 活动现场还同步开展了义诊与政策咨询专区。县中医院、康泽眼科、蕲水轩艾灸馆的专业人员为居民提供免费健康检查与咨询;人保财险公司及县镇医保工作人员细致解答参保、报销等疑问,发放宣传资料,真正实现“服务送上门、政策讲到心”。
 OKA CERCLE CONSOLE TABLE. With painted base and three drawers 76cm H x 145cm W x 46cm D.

--

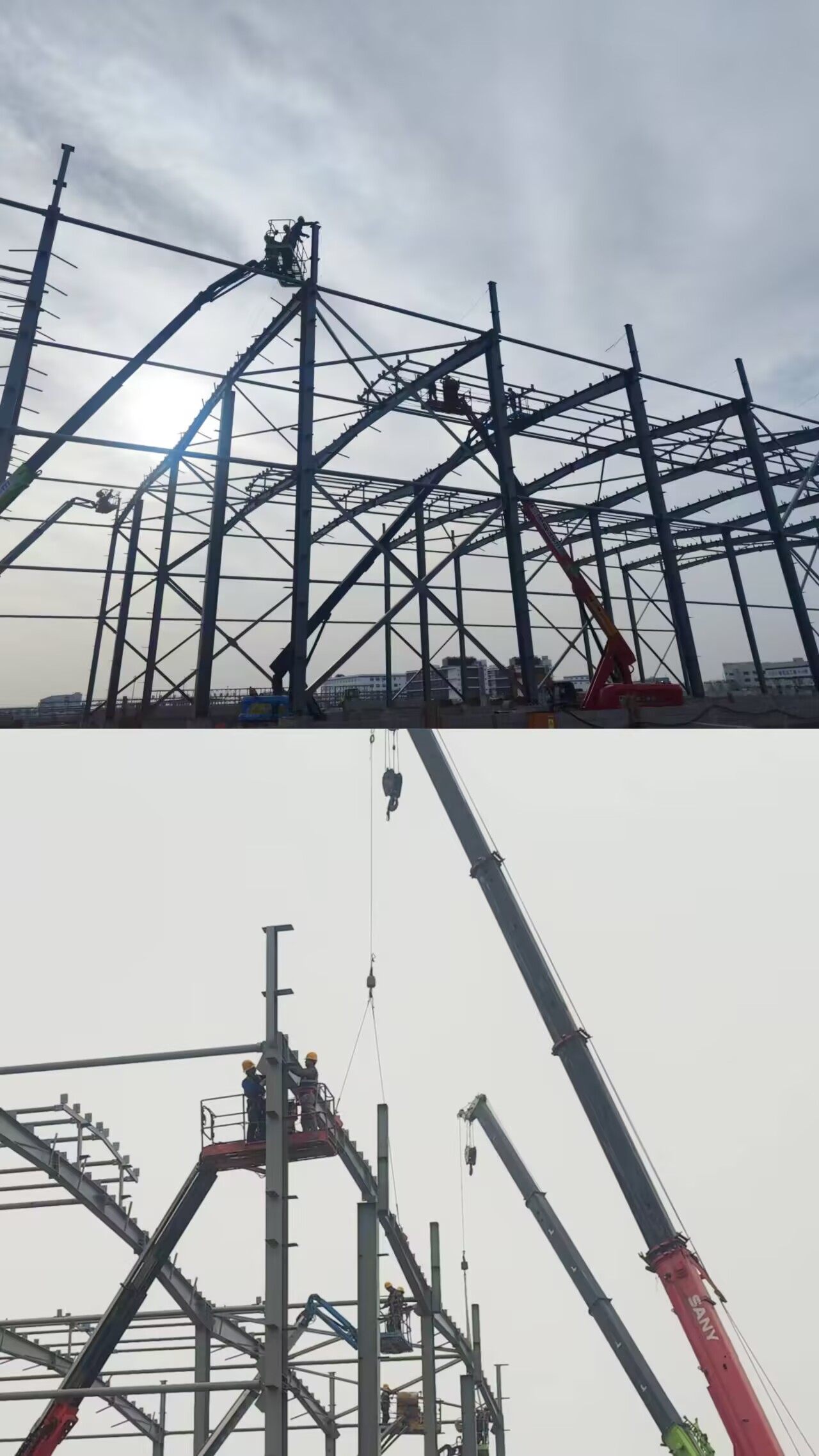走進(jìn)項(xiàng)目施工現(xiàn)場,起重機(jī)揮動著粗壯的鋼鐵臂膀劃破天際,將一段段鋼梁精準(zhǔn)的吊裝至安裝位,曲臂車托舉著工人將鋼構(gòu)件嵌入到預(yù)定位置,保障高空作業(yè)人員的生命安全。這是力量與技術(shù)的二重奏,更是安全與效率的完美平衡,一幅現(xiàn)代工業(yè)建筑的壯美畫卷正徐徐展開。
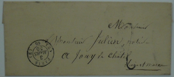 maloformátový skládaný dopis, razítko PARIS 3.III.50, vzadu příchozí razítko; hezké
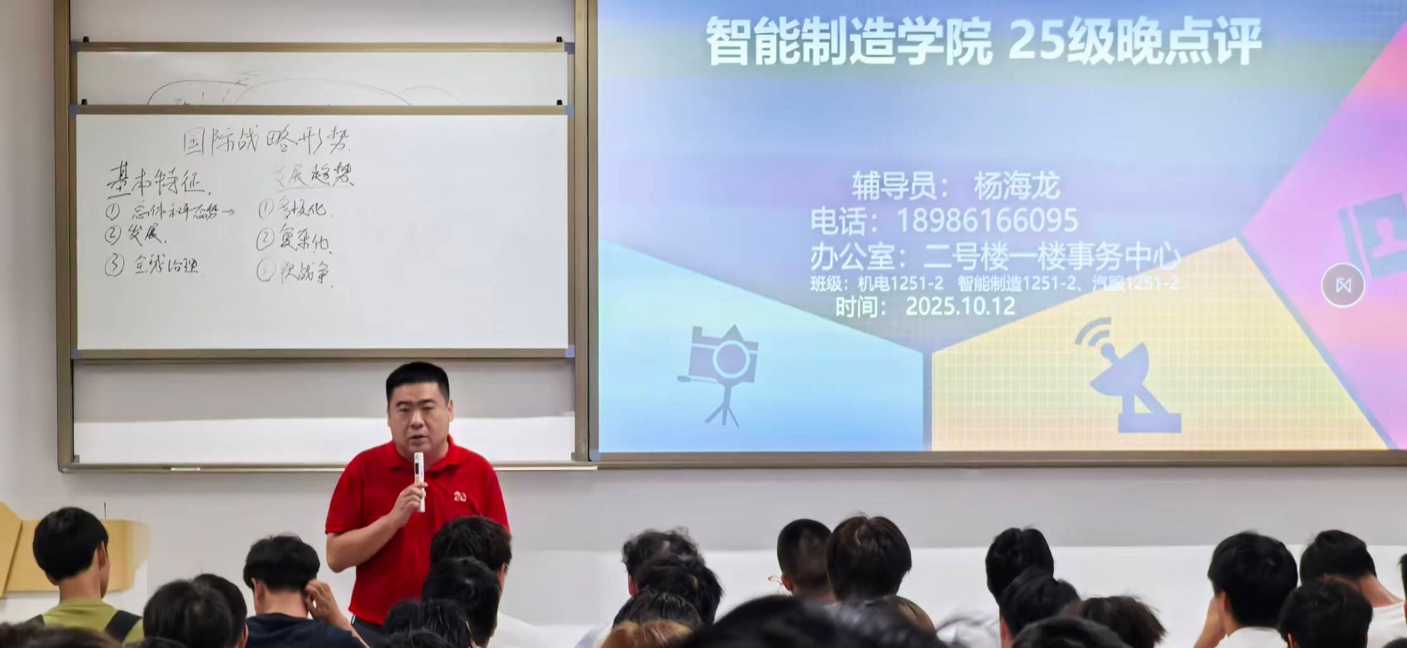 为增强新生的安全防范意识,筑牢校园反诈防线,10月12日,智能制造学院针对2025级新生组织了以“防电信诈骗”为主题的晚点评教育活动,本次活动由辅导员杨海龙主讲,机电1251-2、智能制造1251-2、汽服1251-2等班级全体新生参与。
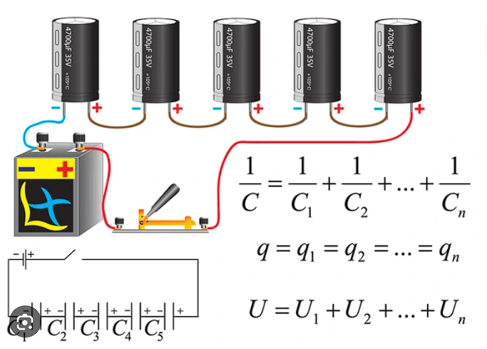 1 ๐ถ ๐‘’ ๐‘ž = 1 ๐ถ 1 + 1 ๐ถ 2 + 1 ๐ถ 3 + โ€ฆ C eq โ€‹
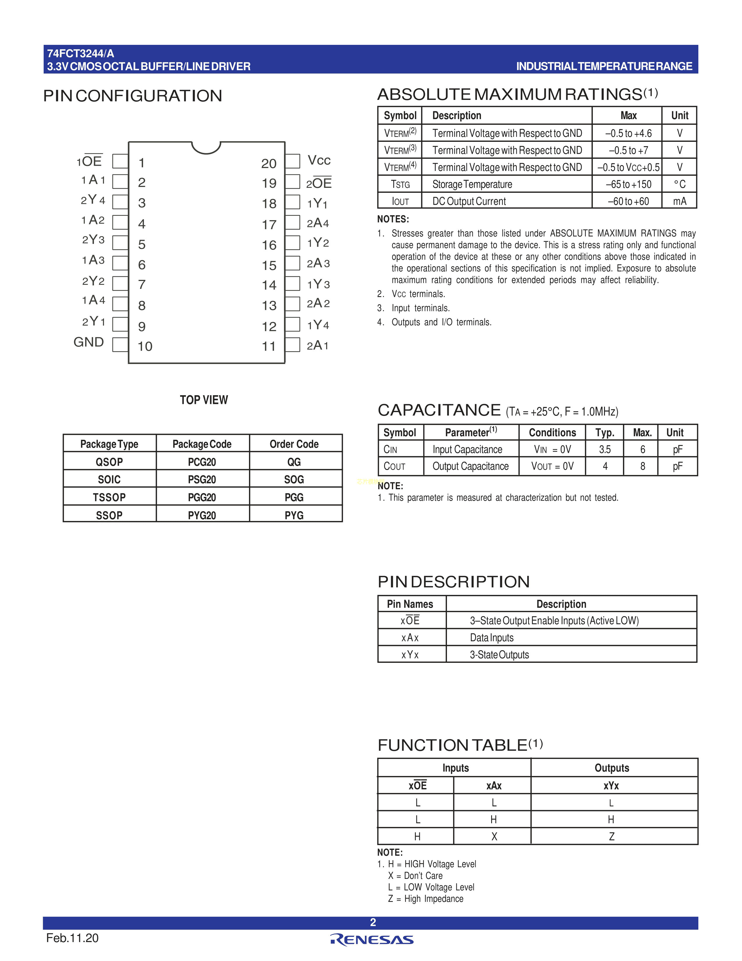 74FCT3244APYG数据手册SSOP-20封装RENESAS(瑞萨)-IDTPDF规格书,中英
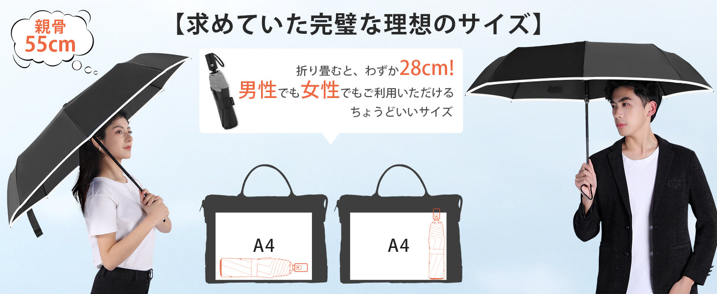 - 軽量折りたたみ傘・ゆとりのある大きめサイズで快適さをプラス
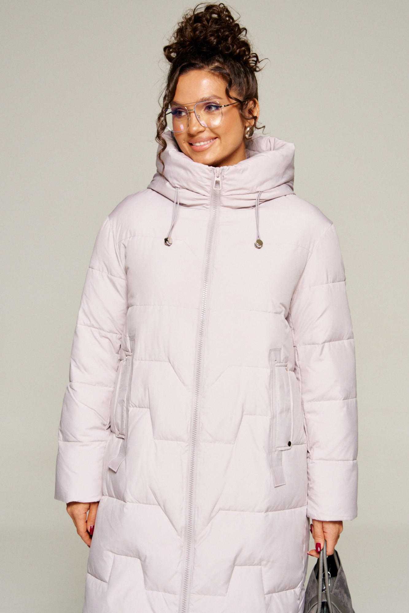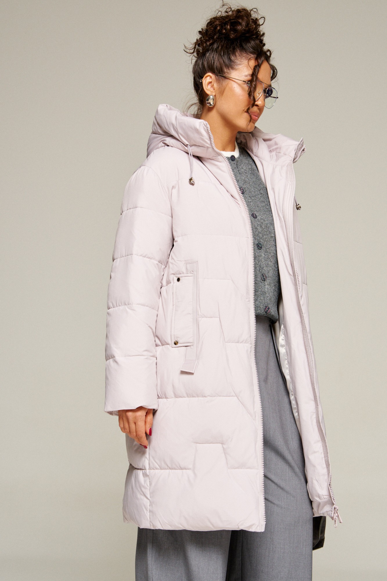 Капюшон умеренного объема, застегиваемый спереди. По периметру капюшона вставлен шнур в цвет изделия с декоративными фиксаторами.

Problem: Restate word for word only the lines above from the line containing "活动现场还同步开展了义诊与政" to the line containing "OKA CERCLE CONSOLE", both of them included.

Result:
 活动现场还同步开展了义诊与政策咨询专区。县中医院、康泽眼科、蕲水轩艾灸馆的专业人员为居民提供免费健康检查与咨询;人保财险公司及县镇医保工作人员细致解答参保、报销等疑问,发放宣传资料,真正实现“服务送上门、政策讲到心”。
 OKA CERCLE CONSOLE TABLE. With painted base and three drawers 76cm H x 145cm W x 46cm D.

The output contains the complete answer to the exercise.